In lieu of an abstract, here is a brief excerpt of the content:

  • Female Sterilization and Artificial Insemination at the French Fin de Siècle: Facts and Fictions
  • Michael Finn (bio)

A woman exists only through her ovaries.

—Victor Joze, quoting Dr. Rudolf Virchow1

French anxieties about the country’s low birthrate, predictable and understandable in the years following the military defeat by Prussia in 1870–71, culminated in the 1890s in a reproductive panic triggered by the statistical fact that deaths began to outstrip births. In comparison, statistics appeared to show that the populations of both England and Germany, France’s two main rivals, were reproducing themselves at a satisfactory rate.2 Available to the fin-de-siècle Frenchwoman, as she weighed the prospect of having children or not, were two opposing “reproductive” procedures: a fairly new technique of sterilization involving removal of the ovaries rather than a hysterectomy, and artificial insemination, the latter apparently widely practiced by doctors in what we know today as its “bulb baster” form but very sparsely acknowledged or written about.

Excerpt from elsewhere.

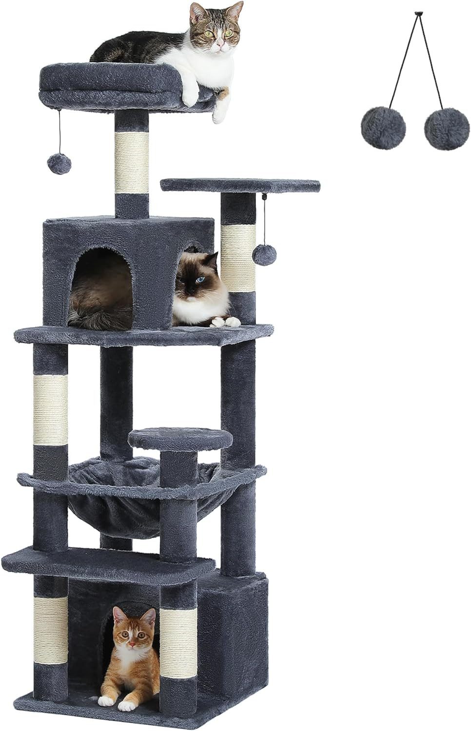 Ich habe eine Kleine und eine ausgewachsene Katze. Für die Kleine ist der Kratzbaum perfekt, für die Grosse zwar auch, aber für die Höhlen wird es schon ein wenig eng. Es word sich zwar trotzdem reingequetscht, aber nir für einen kurzen Moment. Die Hängematte ist für die Grosse der Lieblingsplatz geworden und die Kleine liegt immer ganz oben. Material ist ok, für den Preis kann man aber nicht meckern. Hat eine gute Stabilität und wenn man möchte kann man ihn an einer Wand befestigen.

Both of these procedures elicited controversy, partly because the social imperative to reproduce was being meddled with, partly because both involved delicate and intimate aspects of a person’s sex life but also partly because both signaled a loss of male power and a diminution of the masculine role.3 The husband’s participation in artificial insemination was, in [End Page 26] the view of many, particularly trivial and laughable, whereas sterilization gave women complete control over their own fertility.

The aim of this essay is to explore contemporary reactions to these two procedures, especially as they affected women and attitudes toward female sexuality, by comparing the medical doxa that developed around each to the literary representation of these medical situations, for indeed, one smaller branch of medically influenced fiction at the fin de siècle, alongside histories of degeneration, flawed heredity, and hysteria, is the novel of problematized reproduction.

Female Castration

One of the points of concern about the French birthrate among pronatalists like Émile Zola, in addition to worries about abortions and infant fatalities resulting from placing children with wet nurses, was the advent in France in about 1882 of a workable medical operation that would remove women’s ovaries. The term ovariotomie, as it was called at that time, first appeared in the Dictionnaire de l’Académie in 1878, although today the only related term one finds in the Nouveau Petit Robert is ovariectomie.4 A Dr. Jules Péan is credited with developing the procedure in France. He seems to have performed the first successful operation very early, in 1864, but the first two operations conducted specifically to end nervous and hysterical symptoms took place in March 1882 and June 1883.5

Between 1882 and 1900 a series of French medical theses analyzed the rationales proposed for the practice of “female castration,” which appears to have grown statistically during this period, and condemned it in harsher and harsher terms. One of the few doctors supportive of ovariectomies felt obliged to state the essential objection to the operation: “Any operation that has as its consequence the nonproduction of a series of human beings will be difficult to accept from a strictly moral and legal point of view.”6 It is certainly this moral view that doctors clung to most, and there is particular horror expressed over the legality of operations in which doctors did not explain to their patients just what the procedure entailed. [End Page 27]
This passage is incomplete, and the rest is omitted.